- [WHAT TO DO] The required output is the stretch from the line containing "Um relógio estiloso" through the line containing "5 Moon Goddess" in the records below, unaltered and with no pictures.

(Excerpts from a dataset)

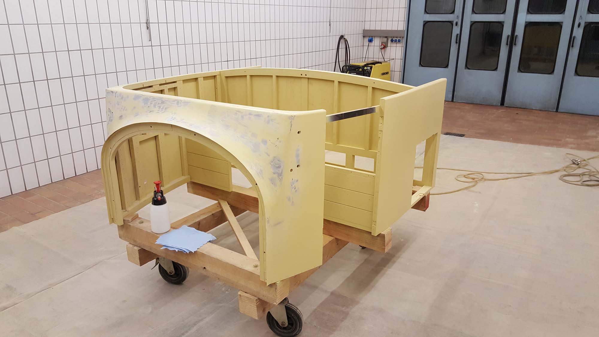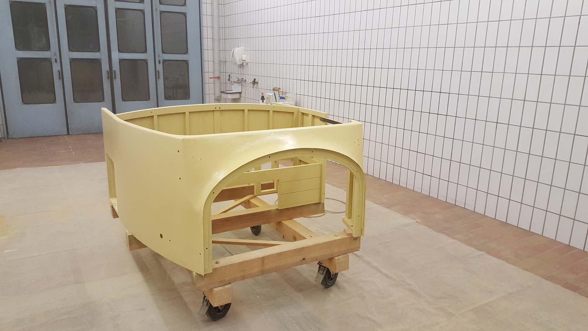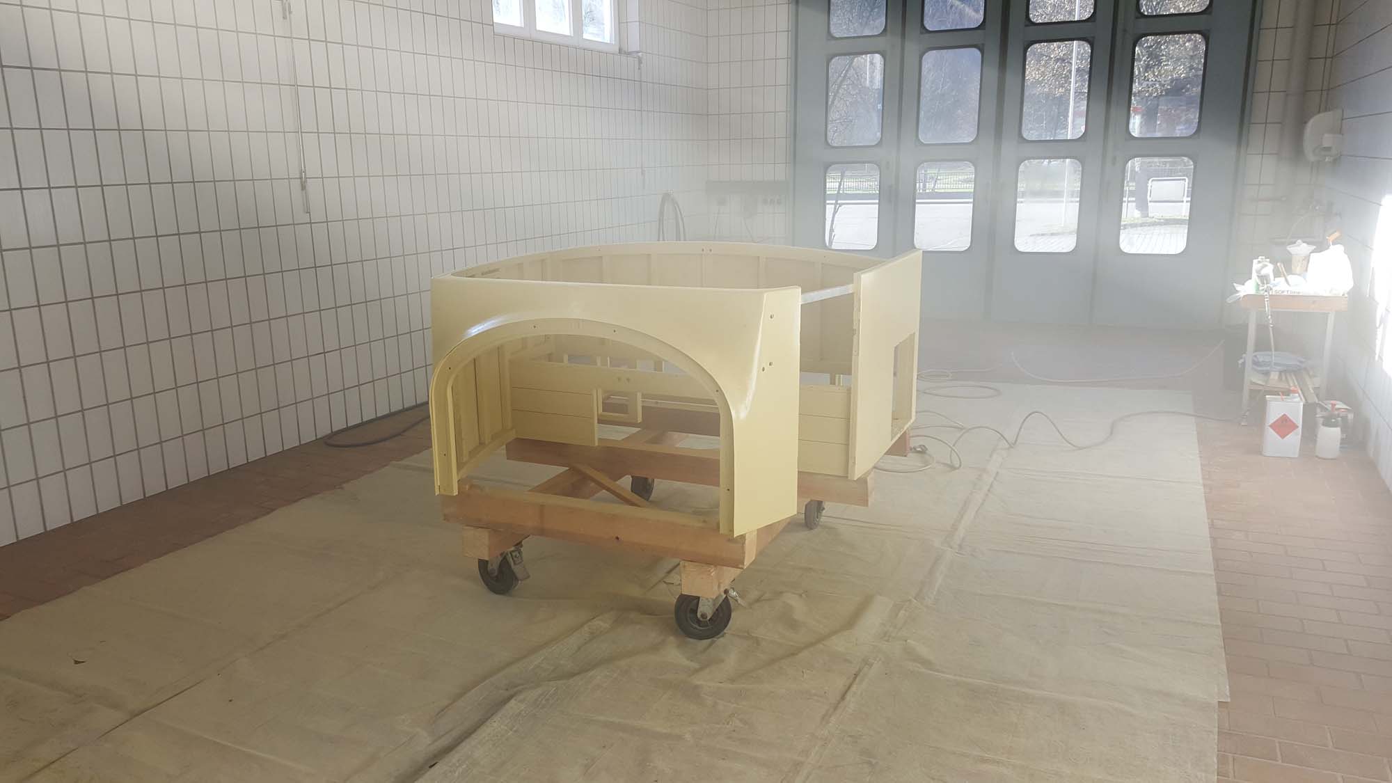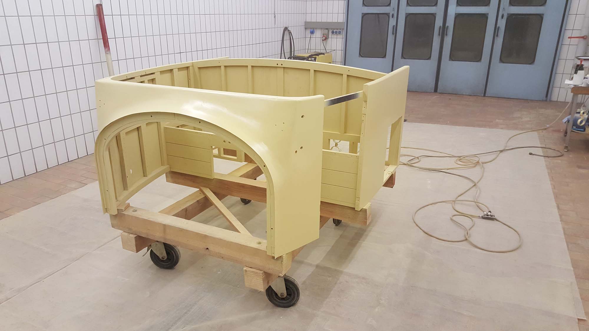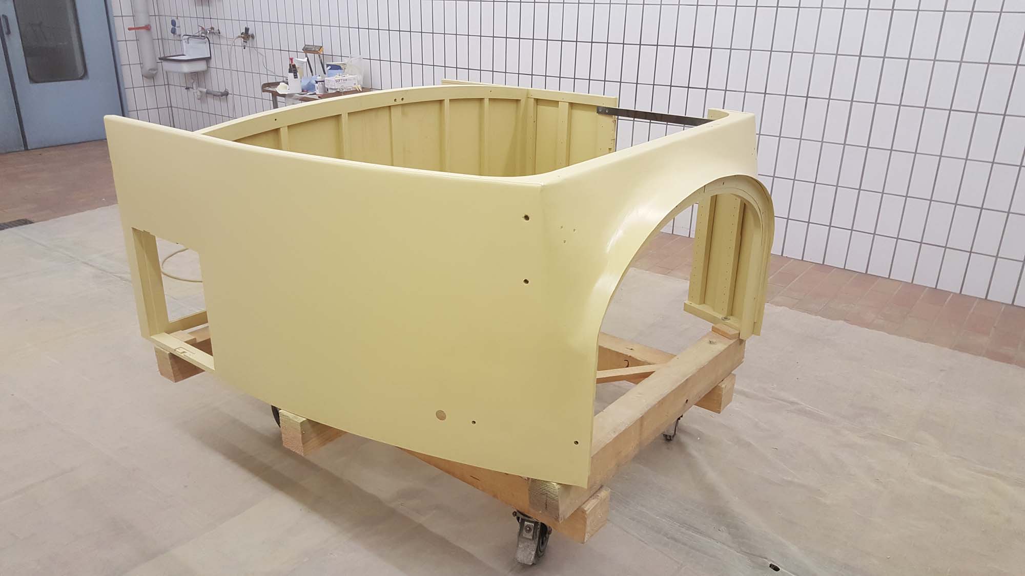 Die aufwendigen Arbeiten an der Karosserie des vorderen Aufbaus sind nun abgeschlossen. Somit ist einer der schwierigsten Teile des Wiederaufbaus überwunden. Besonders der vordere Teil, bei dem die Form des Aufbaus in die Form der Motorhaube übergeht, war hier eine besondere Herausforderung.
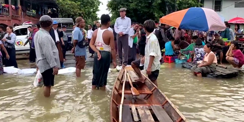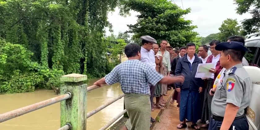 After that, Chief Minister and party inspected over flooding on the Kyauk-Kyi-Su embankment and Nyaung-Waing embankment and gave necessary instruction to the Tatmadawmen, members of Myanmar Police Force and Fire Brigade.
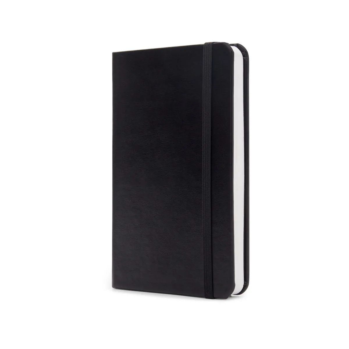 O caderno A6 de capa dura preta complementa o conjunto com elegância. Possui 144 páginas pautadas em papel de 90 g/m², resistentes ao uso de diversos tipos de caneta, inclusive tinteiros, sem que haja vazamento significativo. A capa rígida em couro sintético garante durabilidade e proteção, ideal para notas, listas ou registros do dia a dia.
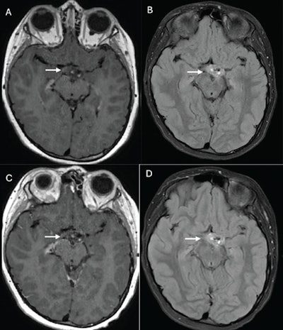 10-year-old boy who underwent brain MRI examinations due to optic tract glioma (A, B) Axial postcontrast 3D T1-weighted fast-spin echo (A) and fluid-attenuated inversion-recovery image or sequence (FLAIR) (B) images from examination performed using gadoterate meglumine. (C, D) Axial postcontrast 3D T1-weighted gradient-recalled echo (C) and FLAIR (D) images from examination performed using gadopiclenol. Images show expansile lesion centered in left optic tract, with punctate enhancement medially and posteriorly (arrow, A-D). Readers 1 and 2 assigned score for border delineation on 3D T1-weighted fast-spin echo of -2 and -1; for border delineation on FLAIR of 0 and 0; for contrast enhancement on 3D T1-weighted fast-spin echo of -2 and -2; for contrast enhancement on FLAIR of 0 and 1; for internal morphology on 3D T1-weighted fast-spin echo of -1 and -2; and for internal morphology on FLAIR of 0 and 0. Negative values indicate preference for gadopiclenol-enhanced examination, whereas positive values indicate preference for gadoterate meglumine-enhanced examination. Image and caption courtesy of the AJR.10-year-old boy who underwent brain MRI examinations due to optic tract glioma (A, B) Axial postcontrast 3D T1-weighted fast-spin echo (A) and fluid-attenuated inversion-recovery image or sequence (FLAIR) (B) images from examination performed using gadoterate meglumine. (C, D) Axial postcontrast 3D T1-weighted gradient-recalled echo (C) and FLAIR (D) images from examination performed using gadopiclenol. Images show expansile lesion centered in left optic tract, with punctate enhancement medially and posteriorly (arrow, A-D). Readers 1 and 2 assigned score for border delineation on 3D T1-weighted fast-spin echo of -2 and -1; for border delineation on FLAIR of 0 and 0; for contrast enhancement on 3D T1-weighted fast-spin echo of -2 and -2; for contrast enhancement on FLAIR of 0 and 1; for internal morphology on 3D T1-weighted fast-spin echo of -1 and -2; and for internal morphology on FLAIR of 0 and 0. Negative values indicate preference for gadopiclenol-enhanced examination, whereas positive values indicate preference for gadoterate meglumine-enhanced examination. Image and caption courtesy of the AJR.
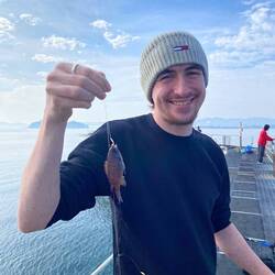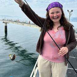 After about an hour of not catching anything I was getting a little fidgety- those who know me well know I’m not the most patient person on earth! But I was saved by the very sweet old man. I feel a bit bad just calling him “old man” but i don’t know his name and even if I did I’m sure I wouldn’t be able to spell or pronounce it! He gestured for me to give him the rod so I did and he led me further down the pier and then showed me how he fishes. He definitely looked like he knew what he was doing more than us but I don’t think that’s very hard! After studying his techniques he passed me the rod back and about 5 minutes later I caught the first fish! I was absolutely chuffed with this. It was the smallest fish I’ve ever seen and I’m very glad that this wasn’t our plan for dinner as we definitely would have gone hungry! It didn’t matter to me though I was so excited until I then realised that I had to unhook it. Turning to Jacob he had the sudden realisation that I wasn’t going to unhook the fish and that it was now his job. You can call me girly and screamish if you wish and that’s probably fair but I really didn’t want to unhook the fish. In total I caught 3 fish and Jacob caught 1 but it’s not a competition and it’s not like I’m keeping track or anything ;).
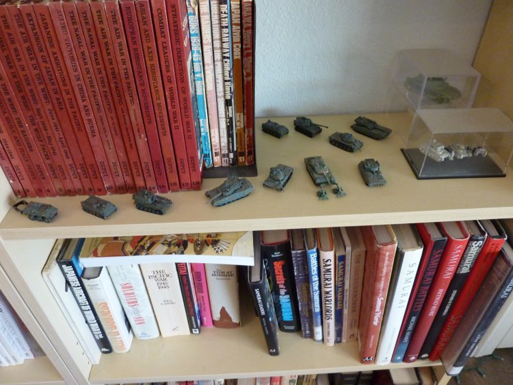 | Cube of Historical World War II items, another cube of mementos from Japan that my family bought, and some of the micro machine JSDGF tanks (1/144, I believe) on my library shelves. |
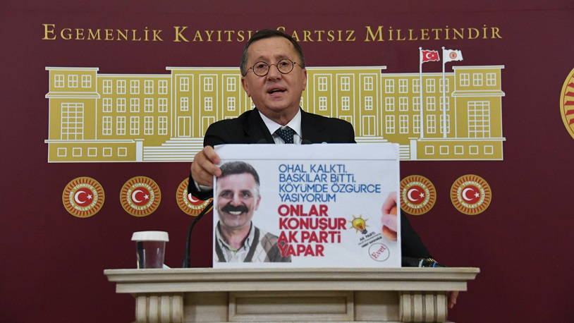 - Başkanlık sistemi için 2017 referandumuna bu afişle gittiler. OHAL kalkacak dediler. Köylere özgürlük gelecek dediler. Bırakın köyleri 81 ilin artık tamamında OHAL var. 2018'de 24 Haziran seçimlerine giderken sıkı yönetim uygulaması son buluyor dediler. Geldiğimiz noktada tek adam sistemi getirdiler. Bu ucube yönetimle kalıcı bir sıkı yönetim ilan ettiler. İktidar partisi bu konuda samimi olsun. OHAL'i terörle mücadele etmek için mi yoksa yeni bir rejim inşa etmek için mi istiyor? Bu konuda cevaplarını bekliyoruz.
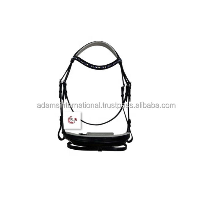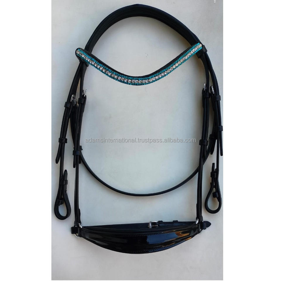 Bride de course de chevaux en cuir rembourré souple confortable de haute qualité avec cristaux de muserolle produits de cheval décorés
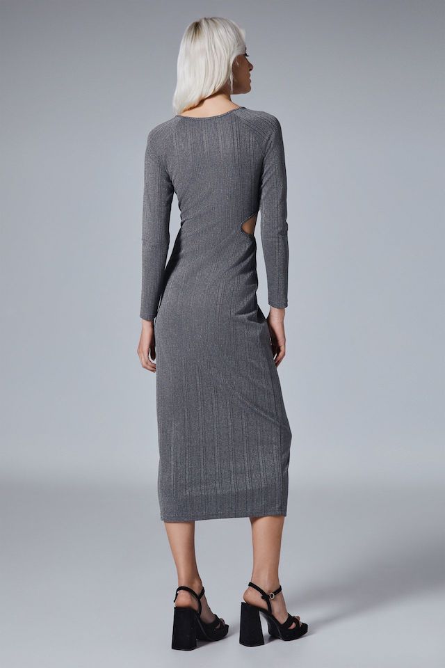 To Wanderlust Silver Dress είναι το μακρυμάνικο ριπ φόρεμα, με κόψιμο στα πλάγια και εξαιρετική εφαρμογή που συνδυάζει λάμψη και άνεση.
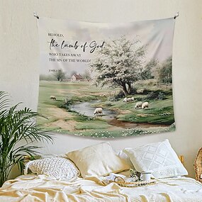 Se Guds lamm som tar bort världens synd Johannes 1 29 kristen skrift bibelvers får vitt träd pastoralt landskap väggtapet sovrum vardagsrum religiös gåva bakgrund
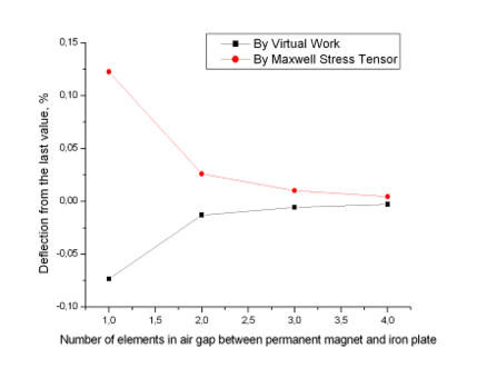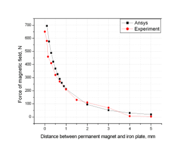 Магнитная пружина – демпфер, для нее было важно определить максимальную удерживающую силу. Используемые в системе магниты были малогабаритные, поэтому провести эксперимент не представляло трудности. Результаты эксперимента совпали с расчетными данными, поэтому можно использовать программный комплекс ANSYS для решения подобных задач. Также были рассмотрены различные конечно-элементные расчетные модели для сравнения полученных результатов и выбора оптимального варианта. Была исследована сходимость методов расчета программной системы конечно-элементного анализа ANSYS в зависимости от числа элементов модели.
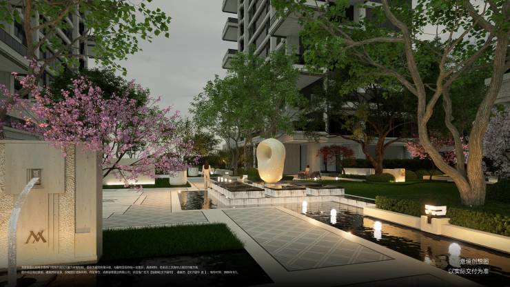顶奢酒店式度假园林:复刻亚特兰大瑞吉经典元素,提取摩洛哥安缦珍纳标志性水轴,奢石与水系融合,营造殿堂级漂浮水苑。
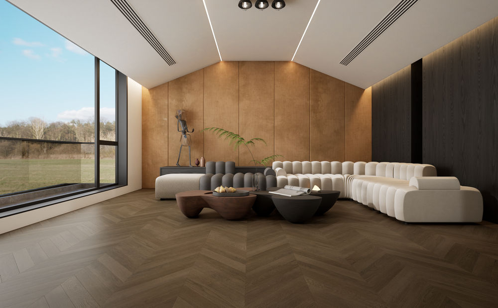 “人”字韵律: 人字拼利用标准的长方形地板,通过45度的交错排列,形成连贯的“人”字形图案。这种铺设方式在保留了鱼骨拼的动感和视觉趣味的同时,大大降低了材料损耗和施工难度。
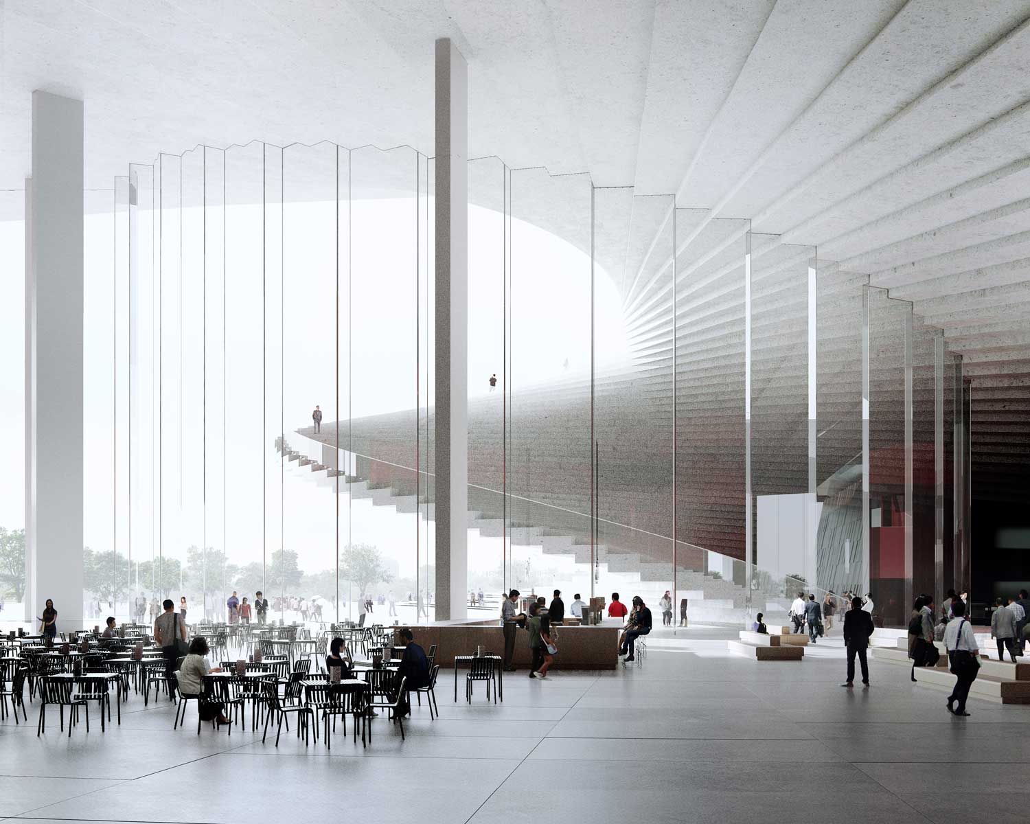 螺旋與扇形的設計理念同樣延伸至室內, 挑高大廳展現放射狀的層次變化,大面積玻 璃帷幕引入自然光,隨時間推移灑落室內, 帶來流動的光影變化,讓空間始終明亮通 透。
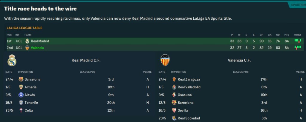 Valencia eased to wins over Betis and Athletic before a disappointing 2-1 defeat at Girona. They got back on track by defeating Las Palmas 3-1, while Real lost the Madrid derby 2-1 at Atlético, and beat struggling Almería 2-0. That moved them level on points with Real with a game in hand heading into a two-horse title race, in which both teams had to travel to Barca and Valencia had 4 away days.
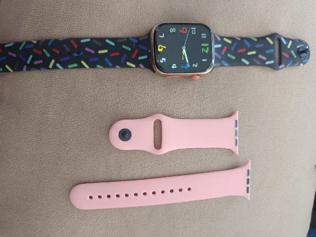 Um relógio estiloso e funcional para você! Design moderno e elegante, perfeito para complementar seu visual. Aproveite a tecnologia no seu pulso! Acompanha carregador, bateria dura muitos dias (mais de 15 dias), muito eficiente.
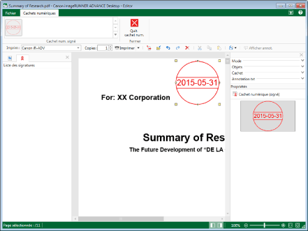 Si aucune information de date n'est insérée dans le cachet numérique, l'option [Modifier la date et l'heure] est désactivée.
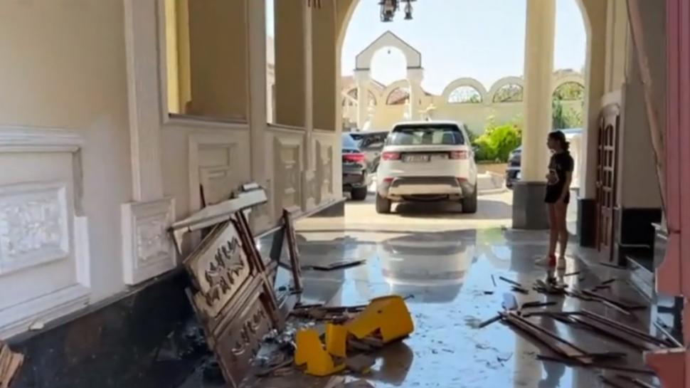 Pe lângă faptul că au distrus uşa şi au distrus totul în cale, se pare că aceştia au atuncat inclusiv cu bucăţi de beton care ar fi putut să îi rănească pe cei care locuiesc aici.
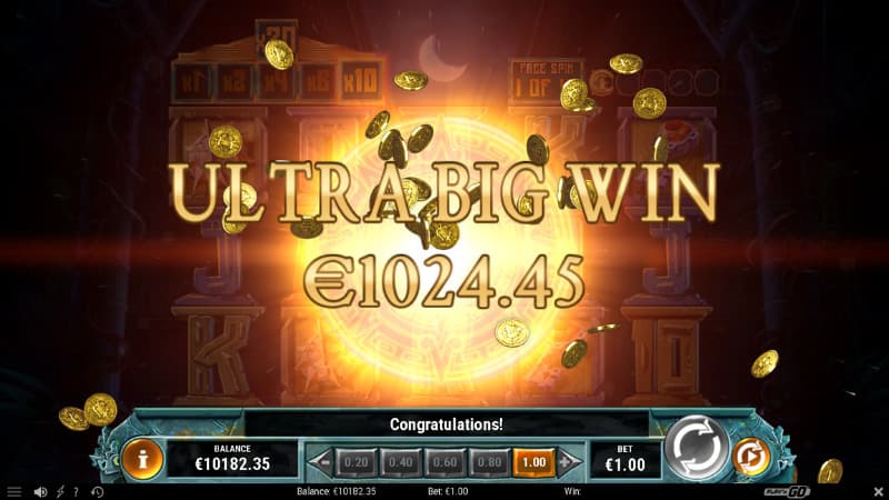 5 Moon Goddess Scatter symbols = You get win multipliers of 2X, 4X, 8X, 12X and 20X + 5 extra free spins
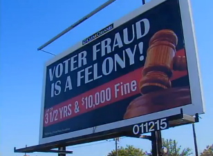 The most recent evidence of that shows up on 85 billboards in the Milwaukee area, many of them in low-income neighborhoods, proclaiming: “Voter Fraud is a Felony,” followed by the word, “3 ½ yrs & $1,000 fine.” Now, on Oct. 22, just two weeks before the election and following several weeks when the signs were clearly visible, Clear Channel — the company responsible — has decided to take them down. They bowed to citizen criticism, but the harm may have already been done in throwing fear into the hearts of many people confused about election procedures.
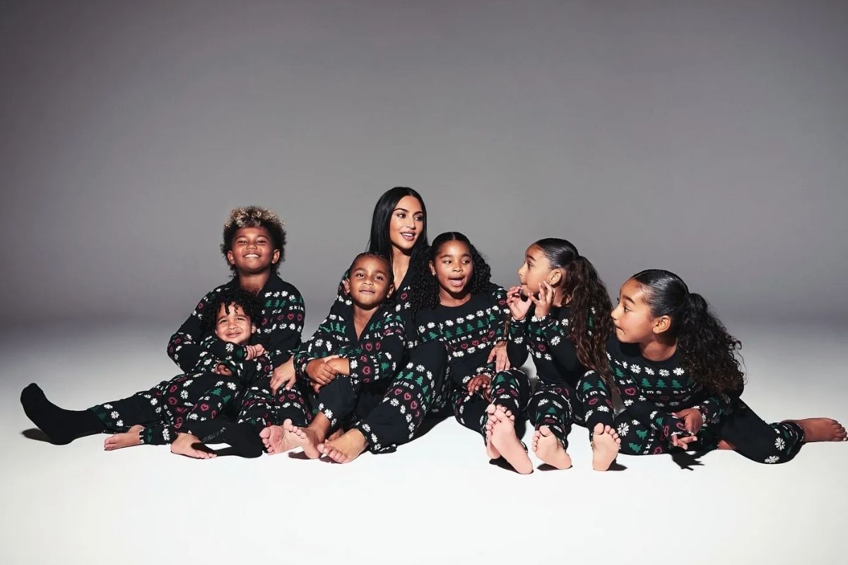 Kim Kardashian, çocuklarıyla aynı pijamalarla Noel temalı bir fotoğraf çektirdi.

- [EXERCISE ANSWER]
 Um relógio estiloso e funcional para você! Design moderno e elegante, perfeito para complementar seu visual. Aproveite a tecnologia no seu pulso! Acompanha carregador, bateria dura muitos dias (mais de 15 dias), muito eficiente.
 Si aucune information de date n'est insérée dans le cachet numérique, l'option [Modifier la date et l'heure] est désactivée.
 Pe lângă faptul că au distrus uşa şi au distrus totul în cale, se pare că aceştia au atuncat inclusiv cu bucăţi de beton care ar fi putut să îi rănească pe cei care locuiesc aici.
 5 Moon Goddess Scatter symbols = You get win multipliers of 2X, 4X, 8X, 12X and 20X + 5 extra free spins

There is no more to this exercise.